- ASSIGNMENT
Copying rule for the data below: pictures stay out, and only the lines from the one with "QR 코드로 표시합니다." down to the one with "- On-chain data", inclusive, are repeated exactly.

══════

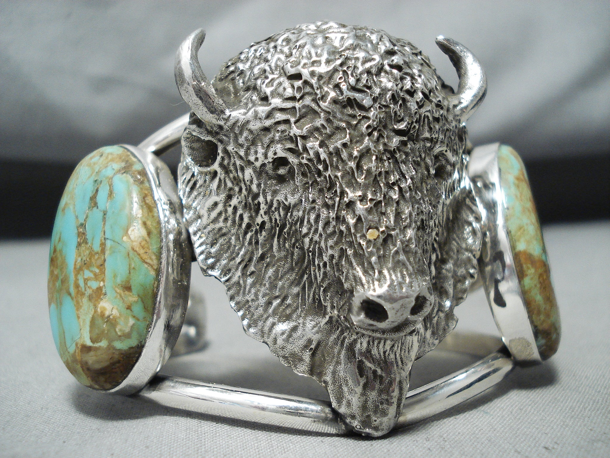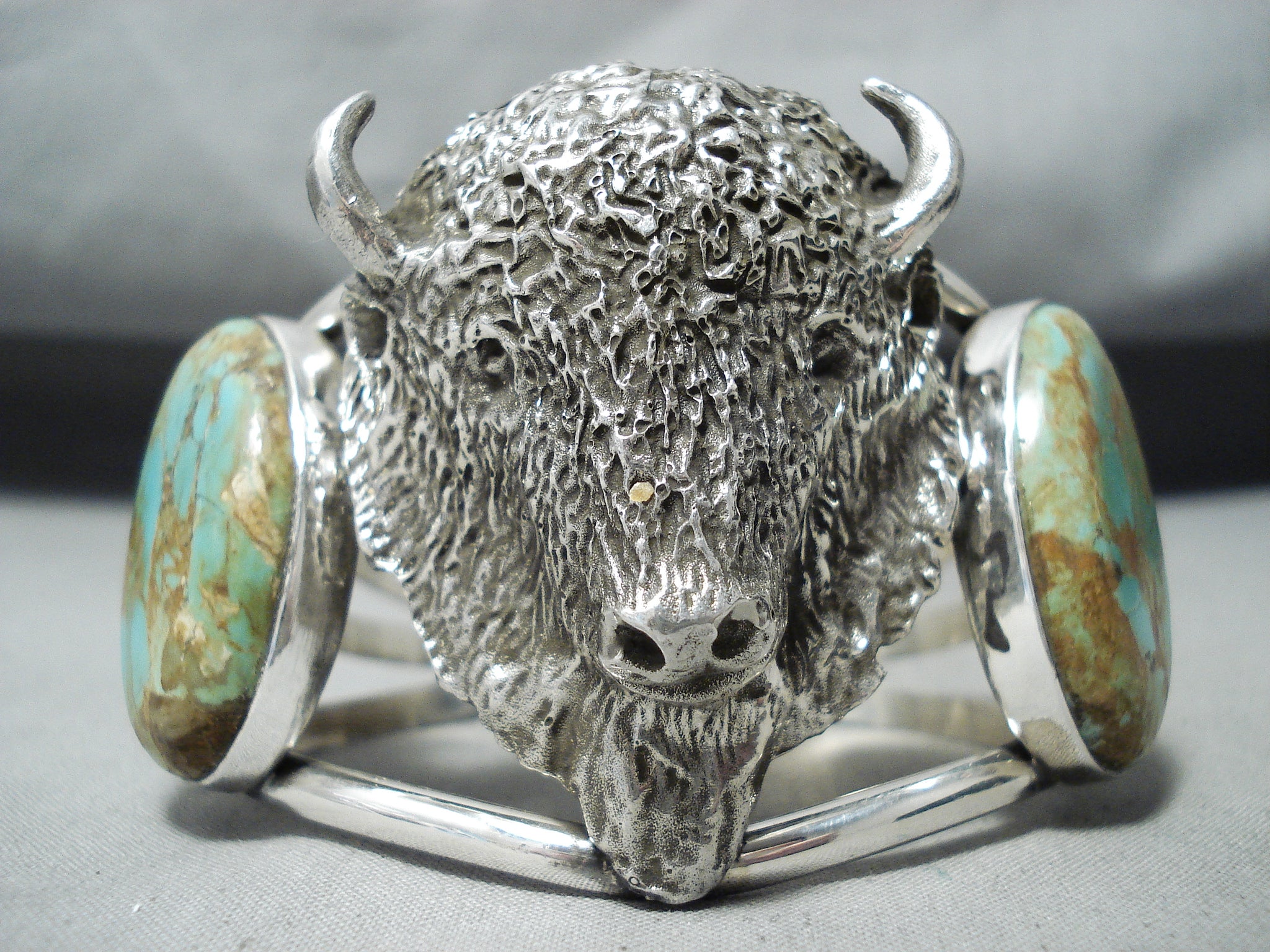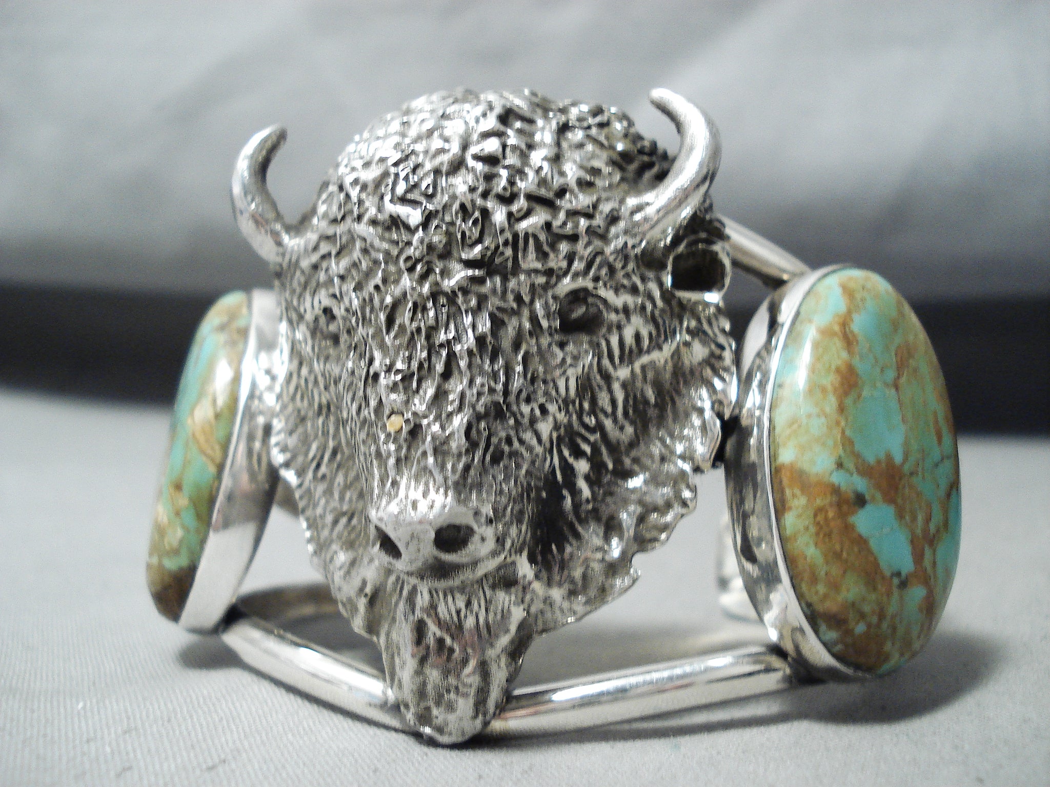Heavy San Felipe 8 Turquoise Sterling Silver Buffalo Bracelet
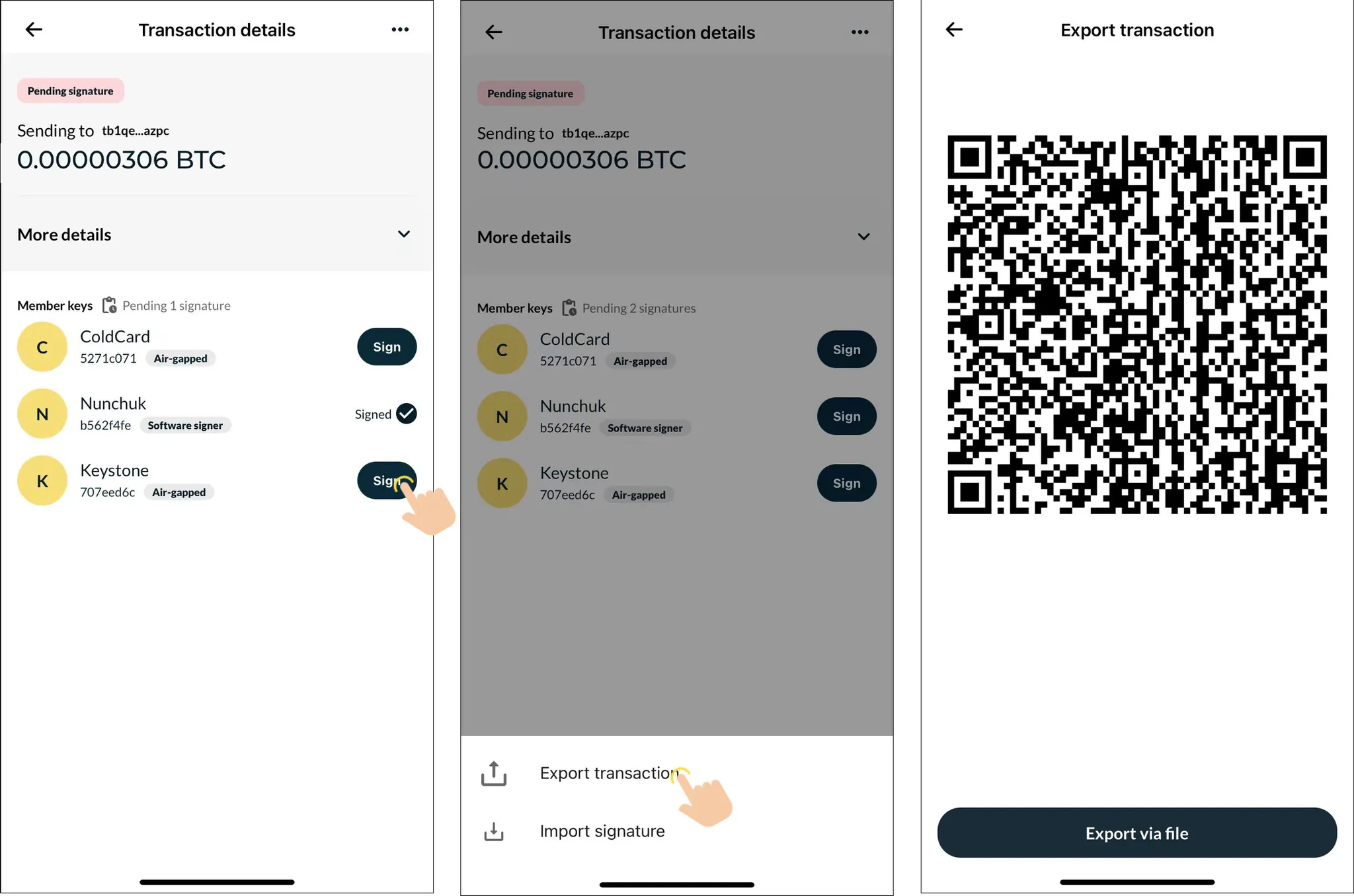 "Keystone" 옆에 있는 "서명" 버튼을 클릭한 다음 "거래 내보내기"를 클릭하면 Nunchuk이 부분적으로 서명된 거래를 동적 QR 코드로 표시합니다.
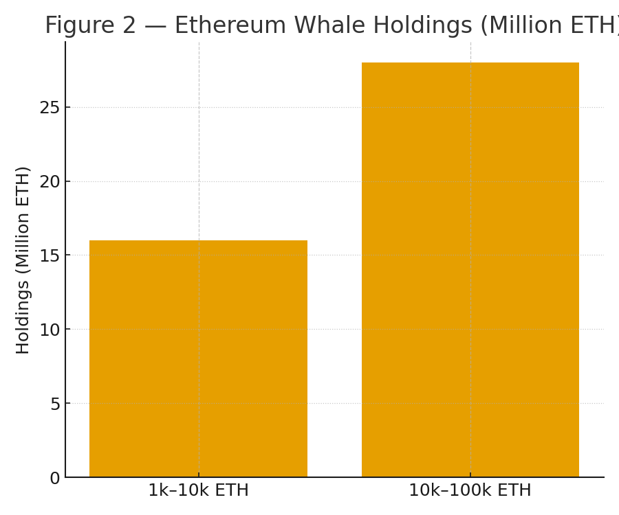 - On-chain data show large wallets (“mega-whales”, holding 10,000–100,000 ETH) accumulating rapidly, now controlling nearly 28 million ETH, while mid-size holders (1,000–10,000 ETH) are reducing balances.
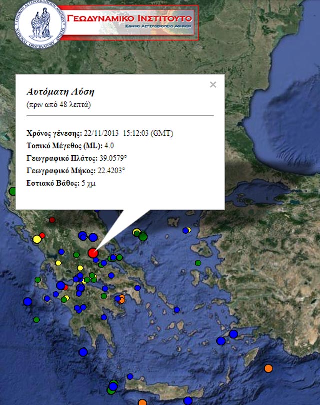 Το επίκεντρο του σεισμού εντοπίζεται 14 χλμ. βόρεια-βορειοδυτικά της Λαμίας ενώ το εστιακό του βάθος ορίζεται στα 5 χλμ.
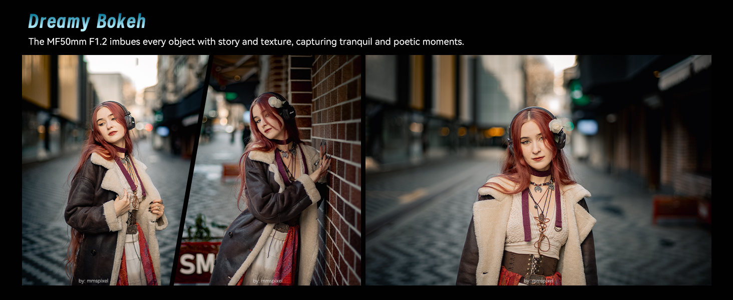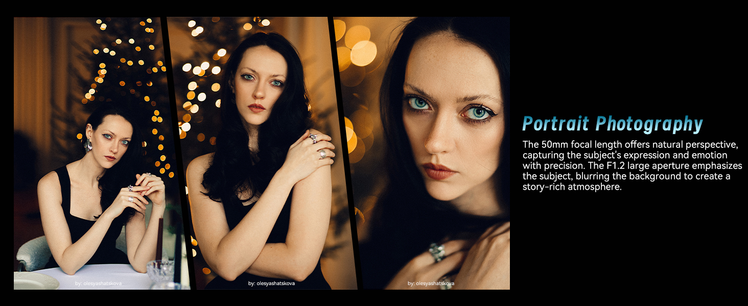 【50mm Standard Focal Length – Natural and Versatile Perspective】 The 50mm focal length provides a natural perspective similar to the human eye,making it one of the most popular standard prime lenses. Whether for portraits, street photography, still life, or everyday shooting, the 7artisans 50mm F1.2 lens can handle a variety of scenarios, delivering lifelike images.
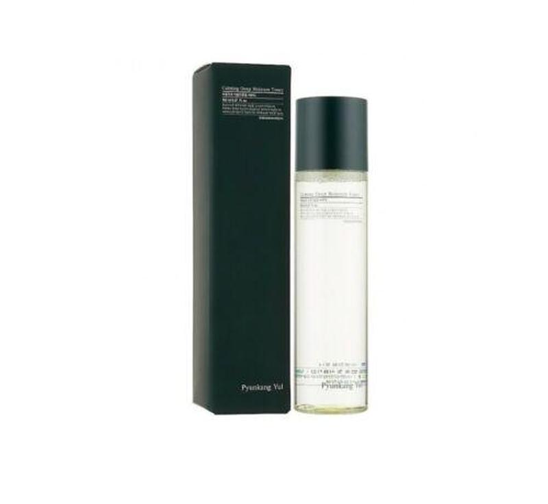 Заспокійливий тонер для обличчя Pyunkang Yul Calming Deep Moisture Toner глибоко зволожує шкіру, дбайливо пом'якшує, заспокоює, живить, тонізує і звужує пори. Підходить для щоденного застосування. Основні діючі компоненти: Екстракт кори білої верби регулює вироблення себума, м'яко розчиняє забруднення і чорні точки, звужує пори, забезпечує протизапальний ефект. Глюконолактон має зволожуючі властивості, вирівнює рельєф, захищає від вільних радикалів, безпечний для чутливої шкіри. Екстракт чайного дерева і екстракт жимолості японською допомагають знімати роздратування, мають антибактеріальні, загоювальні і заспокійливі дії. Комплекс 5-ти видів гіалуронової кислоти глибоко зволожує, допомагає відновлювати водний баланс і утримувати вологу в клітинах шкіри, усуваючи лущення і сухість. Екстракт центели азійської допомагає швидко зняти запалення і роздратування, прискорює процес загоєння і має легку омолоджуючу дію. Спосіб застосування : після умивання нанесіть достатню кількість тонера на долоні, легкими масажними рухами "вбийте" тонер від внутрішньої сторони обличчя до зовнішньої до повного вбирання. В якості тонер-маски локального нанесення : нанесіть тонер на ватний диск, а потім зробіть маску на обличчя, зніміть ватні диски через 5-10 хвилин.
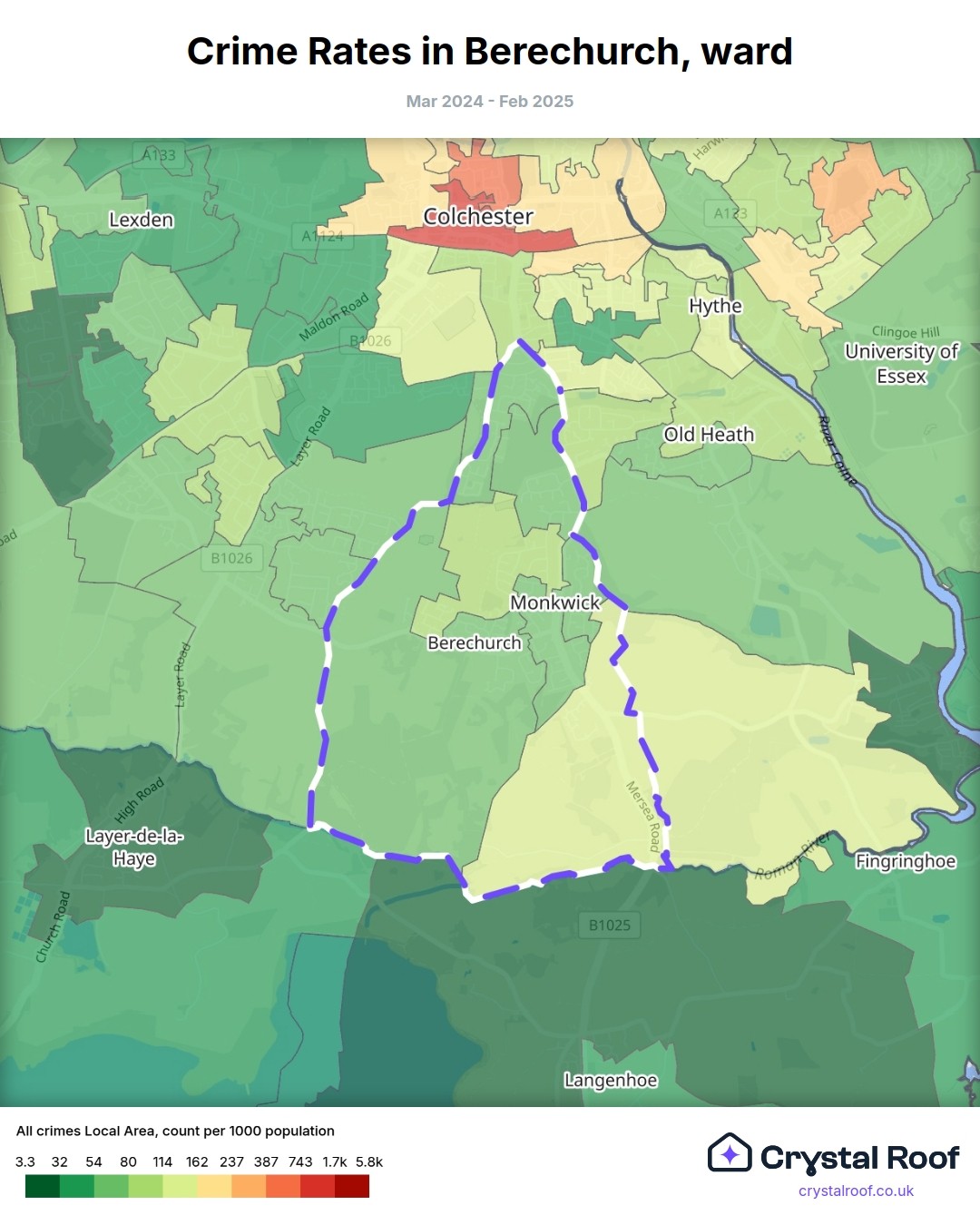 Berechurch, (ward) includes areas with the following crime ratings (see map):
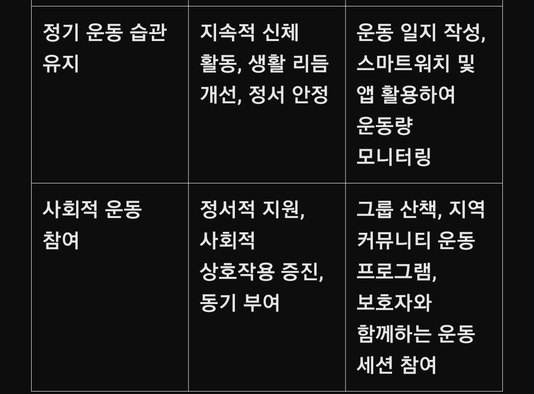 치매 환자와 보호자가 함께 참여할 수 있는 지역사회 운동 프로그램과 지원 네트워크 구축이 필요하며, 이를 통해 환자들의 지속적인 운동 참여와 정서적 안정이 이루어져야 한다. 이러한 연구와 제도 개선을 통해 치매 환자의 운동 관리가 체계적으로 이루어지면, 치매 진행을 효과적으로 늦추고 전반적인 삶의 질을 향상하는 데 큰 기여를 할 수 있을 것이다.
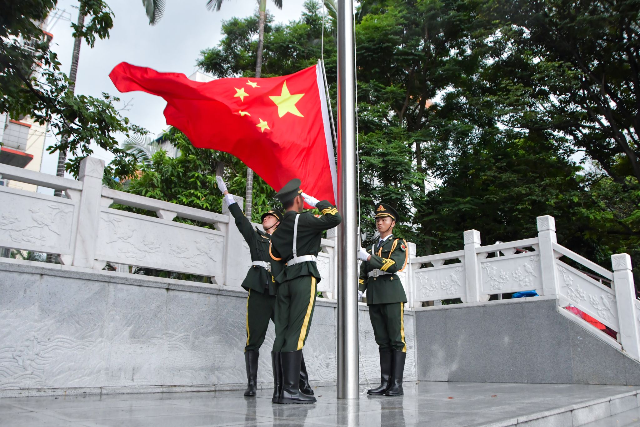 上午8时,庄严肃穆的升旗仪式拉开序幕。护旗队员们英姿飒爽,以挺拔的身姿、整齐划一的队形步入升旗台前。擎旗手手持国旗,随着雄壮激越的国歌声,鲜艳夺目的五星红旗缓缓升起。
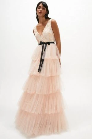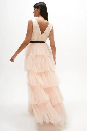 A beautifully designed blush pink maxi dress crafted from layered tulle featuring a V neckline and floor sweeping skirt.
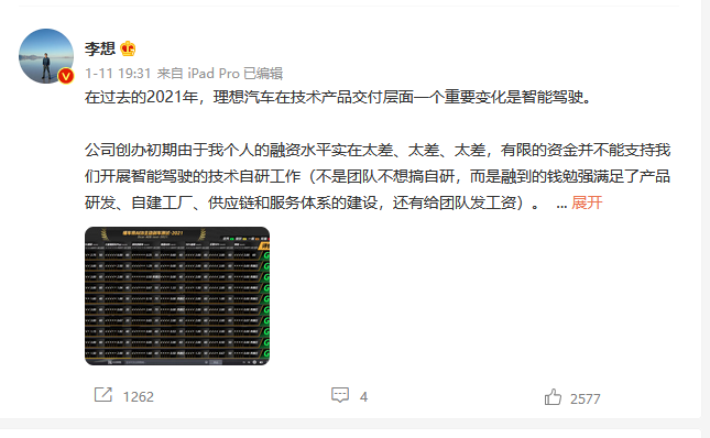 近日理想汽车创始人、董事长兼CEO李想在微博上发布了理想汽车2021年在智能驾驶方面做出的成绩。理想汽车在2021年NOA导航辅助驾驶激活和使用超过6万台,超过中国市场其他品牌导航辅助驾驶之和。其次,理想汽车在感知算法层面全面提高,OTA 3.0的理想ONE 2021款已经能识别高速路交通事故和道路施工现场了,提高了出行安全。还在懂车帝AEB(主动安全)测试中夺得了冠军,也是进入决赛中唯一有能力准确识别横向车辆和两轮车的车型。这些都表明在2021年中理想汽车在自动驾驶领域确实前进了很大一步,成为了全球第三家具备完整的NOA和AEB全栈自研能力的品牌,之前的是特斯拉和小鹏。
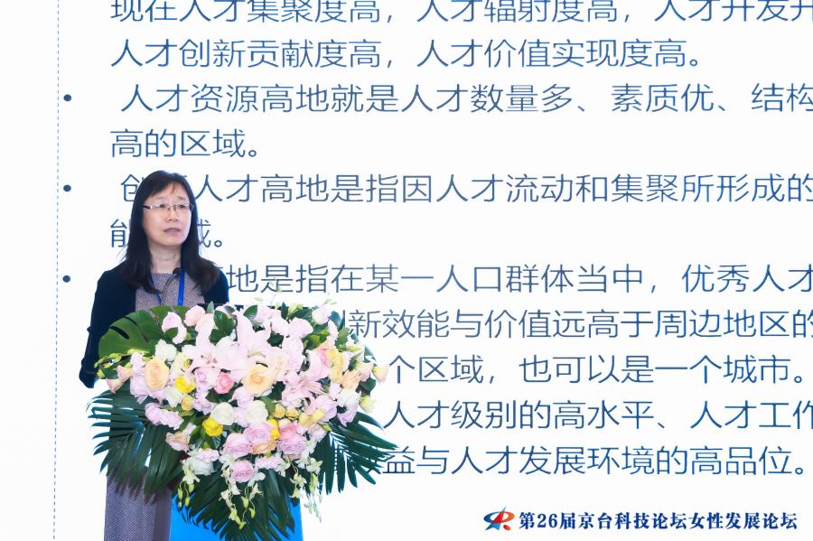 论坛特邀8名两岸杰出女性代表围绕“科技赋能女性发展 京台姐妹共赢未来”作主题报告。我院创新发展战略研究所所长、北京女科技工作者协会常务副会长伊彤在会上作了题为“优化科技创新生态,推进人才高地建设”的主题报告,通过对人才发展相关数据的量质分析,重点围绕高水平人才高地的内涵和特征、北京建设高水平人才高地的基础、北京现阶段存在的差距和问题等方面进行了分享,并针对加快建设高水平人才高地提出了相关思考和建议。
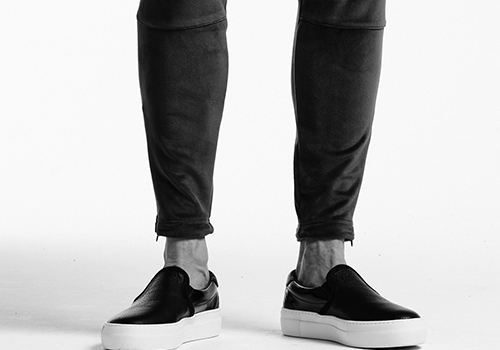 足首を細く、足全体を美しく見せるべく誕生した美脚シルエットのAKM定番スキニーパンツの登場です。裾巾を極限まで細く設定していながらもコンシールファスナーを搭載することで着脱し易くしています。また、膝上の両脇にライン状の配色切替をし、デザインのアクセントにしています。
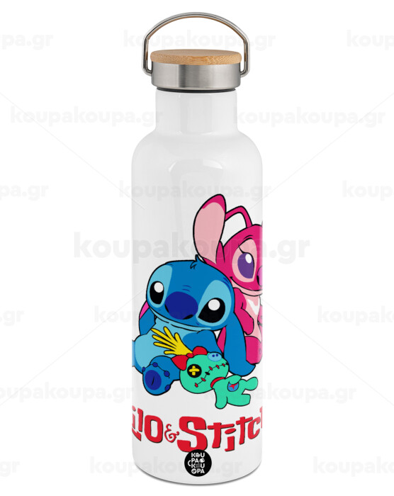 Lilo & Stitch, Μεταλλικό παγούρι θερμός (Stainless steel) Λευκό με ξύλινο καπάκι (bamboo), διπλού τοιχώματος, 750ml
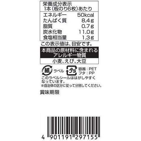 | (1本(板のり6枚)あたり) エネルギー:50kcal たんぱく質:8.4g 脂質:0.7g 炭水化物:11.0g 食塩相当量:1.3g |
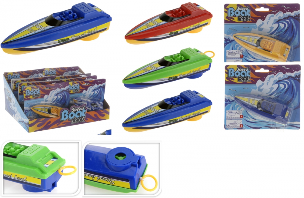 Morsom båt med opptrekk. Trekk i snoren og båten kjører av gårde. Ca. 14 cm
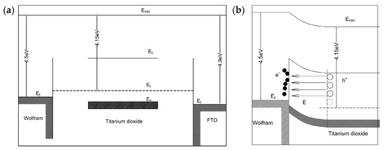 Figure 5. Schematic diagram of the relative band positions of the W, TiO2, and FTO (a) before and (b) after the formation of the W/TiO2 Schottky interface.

══════

- ANSWER AREA
 "Keystone" 옆에 있는 "서명" 버튼을 클릭한 다음 "거래 내보내기"를 클릭하면 Nunchuk이 부분적으로 서명된 거래를 동적 QR 코드로 표시합니다.
 - On-chain data show large wallets (“mega-whales”, holding 10,000–100,000 ETH) accumulating rapidly, now controlling nearly 28 million ETH, while mid-size holders (1,000–10,000 ETH) are reducing balances.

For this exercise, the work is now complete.